Something like this might work:
plot(exprs(gset[[1]])[fData(gset[[1]])$Gene=='A1BG',])
Sean
> The name of the genes for each line is the only detail that is not present
> in my dataset.
>
> What am I missing here?
>
> Thanks,
> Marcelo
>
>
>
> On Thu, May 8, 2014 at 7:42 AM, Marcelo Pereira <marcelops at gmail.com> wrote:
>>
>> Hello Sean,
>>
>> Thanks for your replies.
>>
>> I used to download all the CEL files, and then load, normalize and
>> generate the ExpressionSet output. All manually, and it was working fine!
>>
>> Then I found out about doing it automatically using the GEOquery library.

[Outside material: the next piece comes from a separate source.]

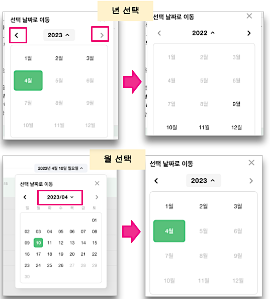 년 / 월 선택도 가능하고 만약 선택된 날짜에 대화가 없다면 해당 날짜와 가까운 날짜로 이동됩니다.
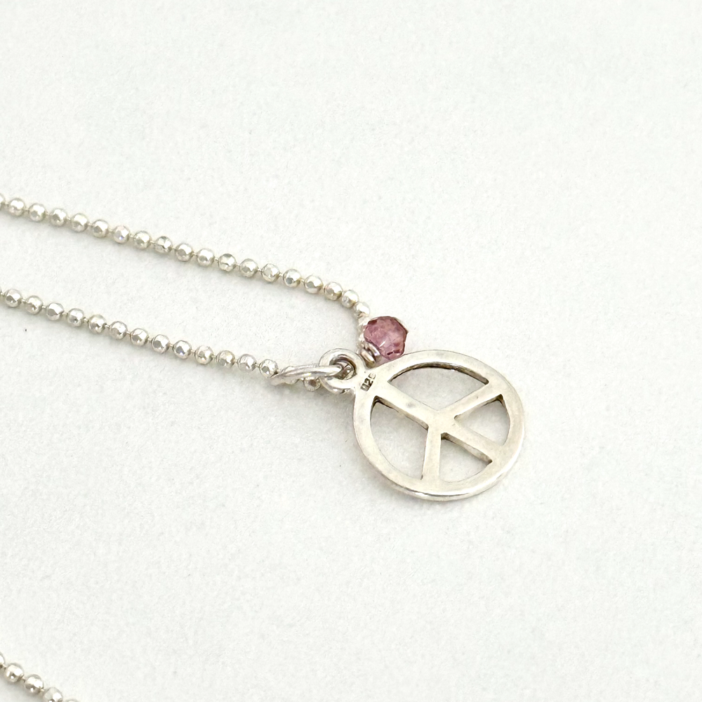 925 Sterling Silver Peace Sign Pink Crystal Pendant Bead Ball Chain Necklace Chain length: 16" Weight: 2.4 grams Signed: 925 Very good condition. - Fast shipping, I ship the same or next business day! I also combine shipping. - Thank you so much for shopping with me and please check out my other jewelry listings, I post new pieces daily!

>> And this is what have been taking my hours lately.
>>
>> The output of exprs(gset[[1]]) is the initial point where I got stuck
>> after a few minutes using the GEOquery library, because I have the
>> expression, but not the gene's names.
>>
>> GSM278765 GSM278766 GSM278767 ...
>> 1 5.459950 5.548725 5.477436 ...
>> 10 6.728919 6.329578 6.570104 ...
>> 100 6.861095 7.005730 7.235361 ...
>> 1000 9.660035 9.189507 9.740223 ...
>> 10000 5.644313 5.898675 5.475838 ...
>> 10001 7.838040 7.564335 8.397569 ...
>>
>> After that, I tried to manipulate the output in order to translate 1, 10,
>> 100, 1000, to the actual names of the genes. And my last resource was to
>> ask here at the forum.
>>
>> It is looking good already. I only need to have an extra column, with the
>> names of the genes.
>>
>> Thanks,
>> Marcelo
>>
>>
>> On Thu, May 8, 2014 at 7:14 AM, Sean Davis <sdavis2 at mail.nih.gov> wrote:
>>>
>>> On Thu, May 8, 2014 at 6:58 AM, Marcelo Pereira <marcelops at gmail.com>
>>> wrote:
>>> > Hi Sean,
>>> >
>>> > Thanks for your answer!
>>> >
>>> > That is great already.
>>> >
>>> > I can see the gene's names now:
>>> >
>>> >> library(GEOquery)
>>> >> gset <- getGEO("GSE11024", GSEMatrix=TRUE, AnnotGPL=TRUE)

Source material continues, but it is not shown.